1. ## Unitary and upper triangular?

Question: prove that a matrix that is both unitary and upper triangular must be diagonal.

Call the matrix $A$. By the fact that it is unitary, $AA^* = A^*A = I_n$. In other words, $\sum_{i=1}^n a_{ji} a^*_{ji} = 1$ for all $j=1,...,n$ where $a^*$ is the complex conjugate. Additionally, $\sum_{i=1}^n a_{ji} a^*_{ki} = 0$ for $j \neq k$.

And I know that $A*$ is lower triangular. Any hints, please? Thanks.

2. Originally Posted by Last_Singularity
Question: prove that a matrix that is both unitary and upper triangular must be diagonal.

Call the matrix $A$. By the fact that it is unitary, $AA^* = A^*A = I_n$. In other words, $\sum_{i=1}^n a_{ji} a^*_{ji} = 1$ for all $j=1,...,n$ where $a^*$ is the complex conjugate. Additionally, $\sum_{i=1}^n a_{ji} a^*_{ki} = 0$ for $j \neq k$.

And I know that $A*$ is lower triangular. Any hints, please? Thanks.

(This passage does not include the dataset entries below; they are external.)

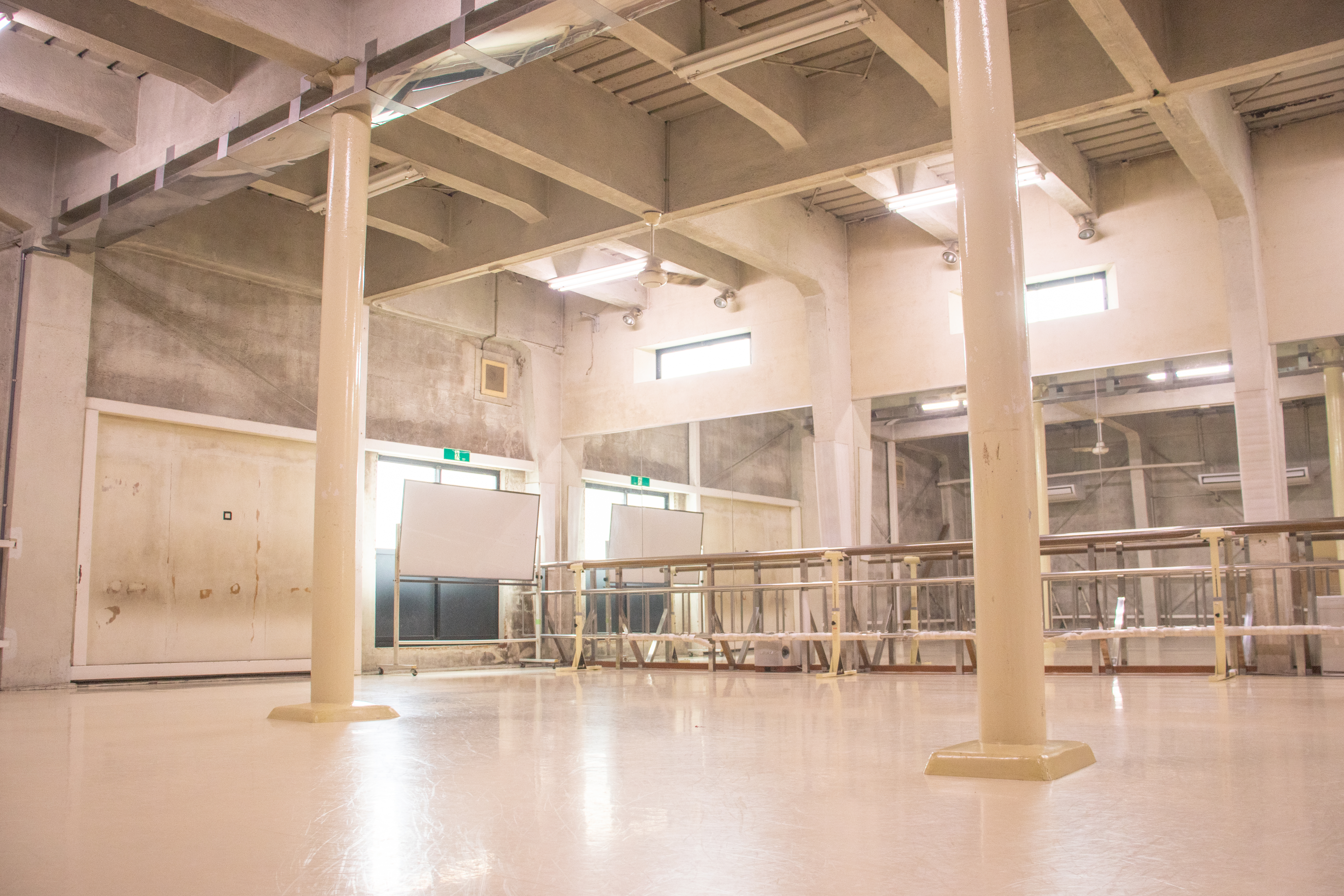 吹き抜けで天井が高く開放的なスタジオでは、舞台上での動きを想定したレッスンがいつでも可能です。
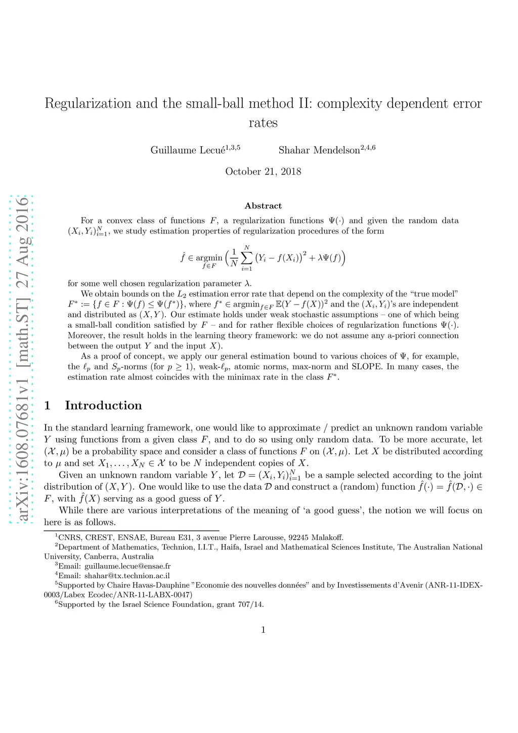 For a convex class of functions , a regularization functions and given the random data , we study estimation properties of regularization procedures of the form \begin{equation*} \hat f \in {\rm argmin}_{f\in F}\Big(\frac{1}{N}\sum_{i=1}^N\big(Y_i-f(X_i)\big)^2+\lambda \Psi(f)\Big) \end{equation*} for some well chosen regularization parameter . We obtain bounds on the estimation error rate that depend on the complexity of the "true model" , where and the 's are independent and distributed as . Our estimate holds under weak stochastic assumptions -- one of which being a small-ball condition satisfied by -- and for rather flexible choices of regularization functions . Moreover, the result holds in the learning theory framework: we do not assume any a-priori connection between the output and the input . As a proof of concept, we apply our general estimation bound to various choices of , for example, the and -norms (for ), weak-, atomic norms, max-norm and SLOPE. In many cases, the estimation rate almost coincides with the minimax rate in the class .
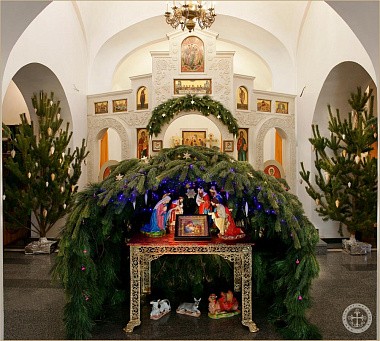 Украшенный к рождественским торжествам храм был полон прихожан и паломников.
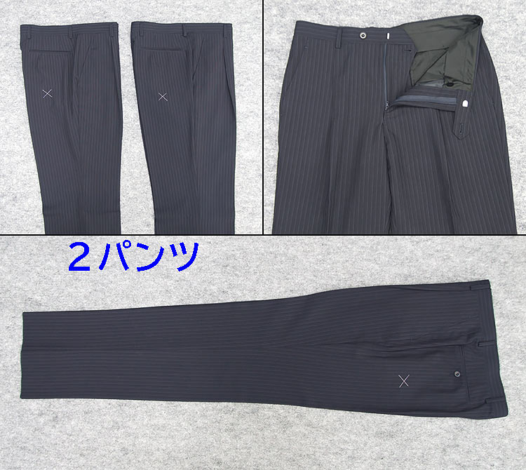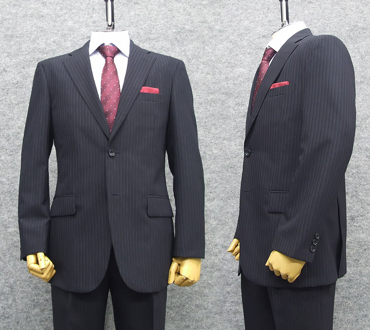 ☆春夏物☆2パンツ ☆紺☆ストライプ ☆ベーシック2釦シングルスーツ 商品詳細 紺:ストライプ 2ボタン:シングルスーツ 色 紺 柄 オルタネイトストライプ 表地(混率) ポリエステル70% 毛30% 裏地 ポリエステル ベント サイドベンツ スラックス ワンタック スペアーパンツ付 対応季節 春夏 シルエット 普通 仕様 AMFステッチ 角台場仕立て 水平ポケット 裏地見返し:ピンポンステッチ 脇汗パッド スラックス:ヒザ当て付 持ち出し剣型3点留め 特徴 パンツのみ家庭洗濯可 (ネット使用)
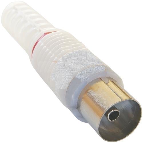 TV-разъем гнездо PROconnect используется при организации телевидения (спутникового, эфирного и кабельного) с помощью радиочастотного кабеля. Изделие устанавливается на телевизионный кабель и передает сигнал на ТВ-устройства.Корпус разъема и контакты изготовлены из никелированного цинка, а колпачок из белой и прочной пластмассы.
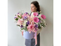 Композиция в шляпной коробке с французскими розами в розово-сиреневой гамме № 80 от 7950
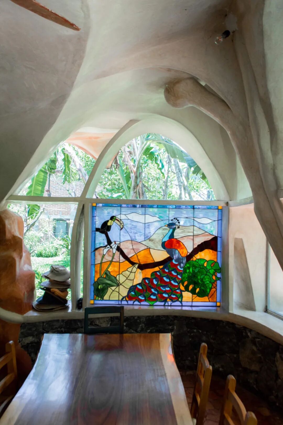 建筑的内部同样超凡脱俗,不规则的曲线拱顶,色彩绚烂的墙壁,甚至是交替的踏板楼梯。

You're almost there, though your notation perhaps makes things a little messier:

$U=(u{_ij})$ is unitary, so:

(i) $\Longrightarrow\,U^{*}=U^{-1}$

(ii) $\sum\limits_{k=i}^n(u_{ik}\overline{u_{ik}}=)\left |u_{ik}\right|^2=1$

(iii) The inverse of an upper triangular matrix $U=(u_{ij})$ is also upper triangular with diagonal elements $=u_{ii}^{-1}=\frac{1}{u_{ii}}\,,\,i=1,2,...,n$

Now put together (i) and (iii): $\frac{1}{u_{ii}}=\overline{u_{ii}}\Longleftrightar row\,\left|u_{ii}\right|^2=1$ , and taking into account (ii) this gives us that all the elements outside of the main diagonal must be zero. Q.E.D.

Or simpler, using your reasoning and (iii): $U^{-1}$ is upper triangular, but $U^{-1}=U^{*}$ , and $U^{*}$ is LOWER triangular $\Longrightarrow\,U^{*}$ is both upper and lower triangular and then it is diagonal, and thus also $U$ is.
Tonio